RAW DATA:

──────────

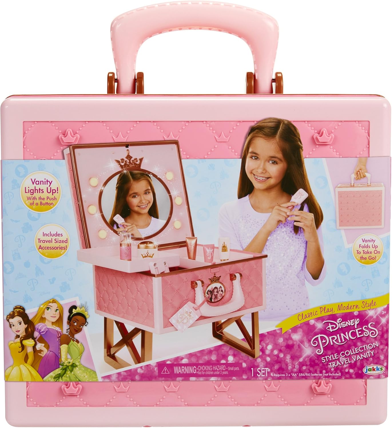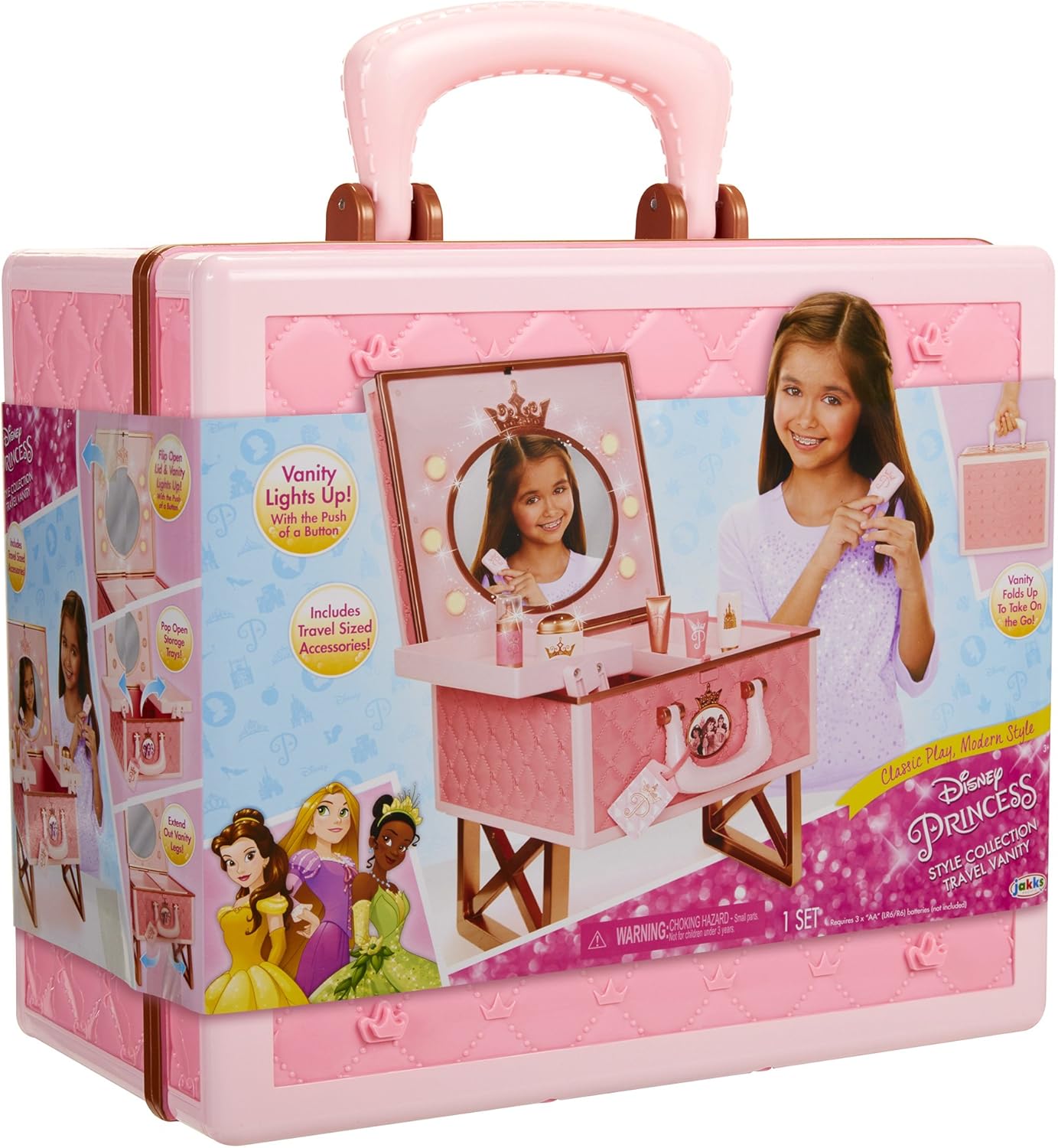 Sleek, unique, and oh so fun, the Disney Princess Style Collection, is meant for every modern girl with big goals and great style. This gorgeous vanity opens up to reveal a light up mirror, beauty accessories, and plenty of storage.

──────────

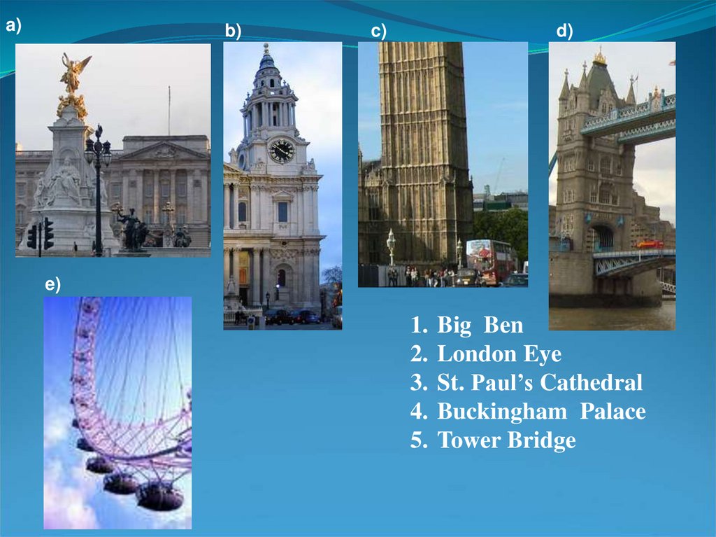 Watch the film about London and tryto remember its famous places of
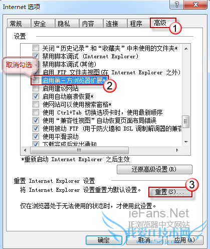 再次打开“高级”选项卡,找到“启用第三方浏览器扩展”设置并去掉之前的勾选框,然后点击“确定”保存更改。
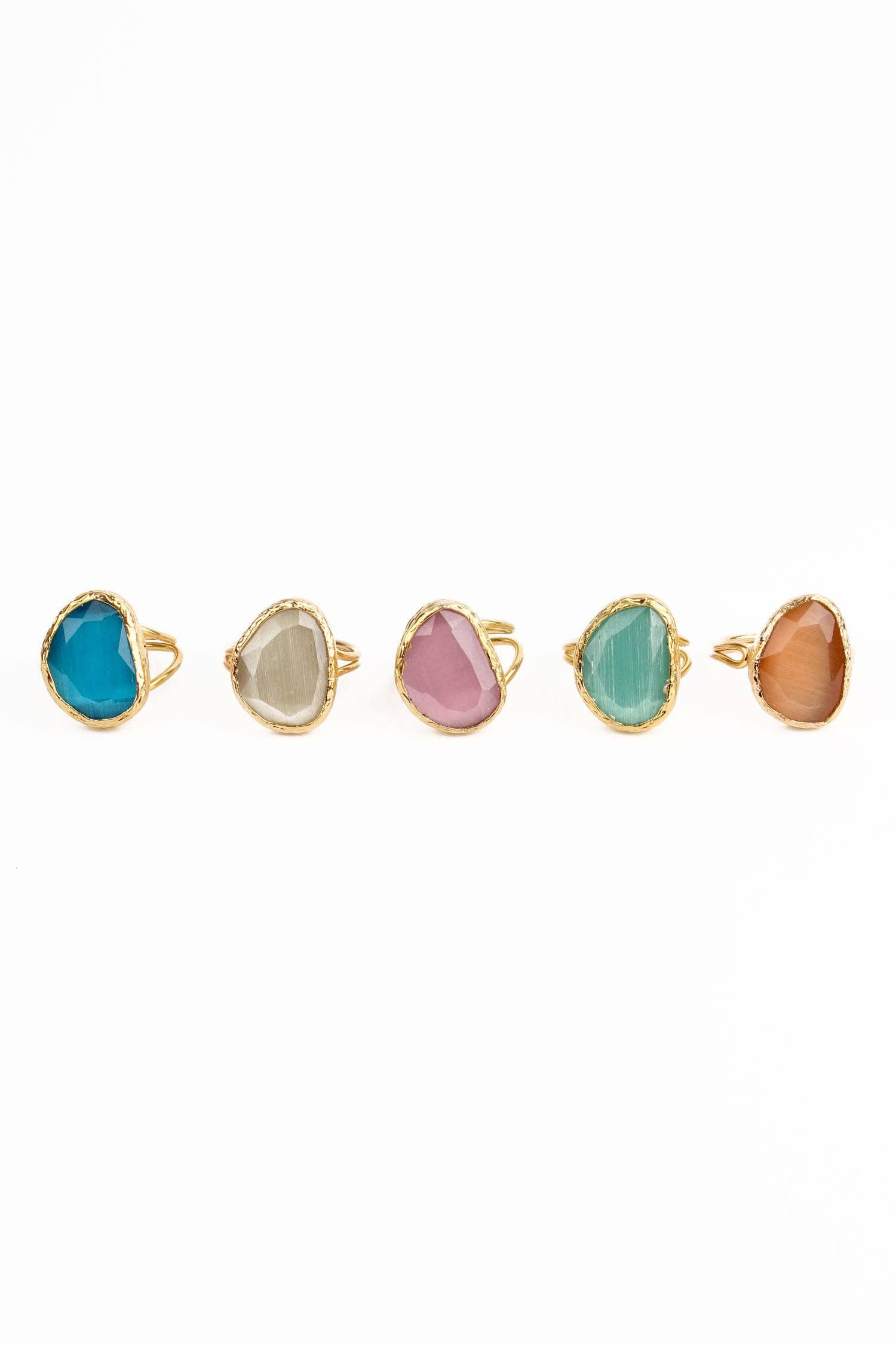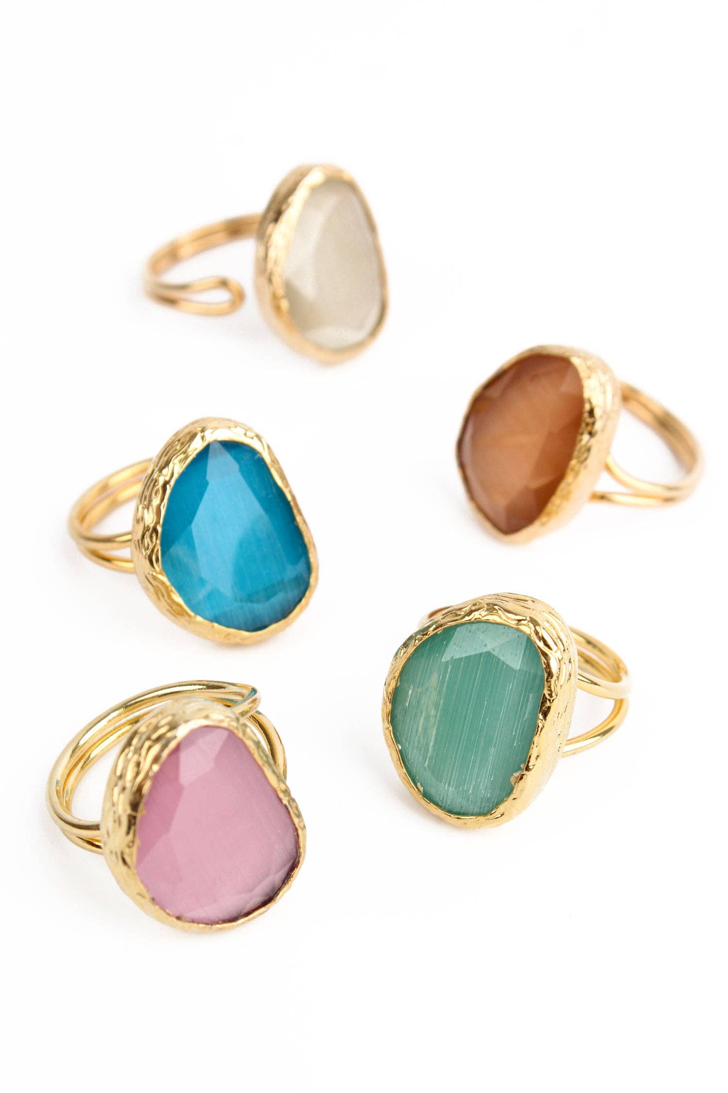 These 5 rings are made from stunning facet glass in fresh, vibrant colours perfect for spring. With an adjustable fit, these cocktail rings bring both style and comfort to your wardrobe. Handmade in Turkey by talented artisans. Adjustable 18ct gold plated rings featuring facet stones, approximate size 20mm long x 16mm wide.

──────────

EXERCISE OBJECTIVE:
Find the line with "Watch the film" in the entries above. Set down exactly every line from it up to and including the line with "These 5 rings", images excluded.

RESULT FOR THIS EXERCISE:
 Watch the film about London and tryto remember its famous places of
 再次打开“高级”选项卡,找到“启用第三方浏览器扩展”设置并去掉之前的勾选框,然后点击“确定”保存更改。
 These 5 rings are made from stunning facet glass in fresh, vibrant colours perfect for spring. With an adjustable fit, these cocktail rings bring both style and comfort to your wardrobe. Handmade in Turkey by talented artisans. Adjustable 18ct gold plated rings featuring facet stones, approximate size 20mm long x 16mm wide.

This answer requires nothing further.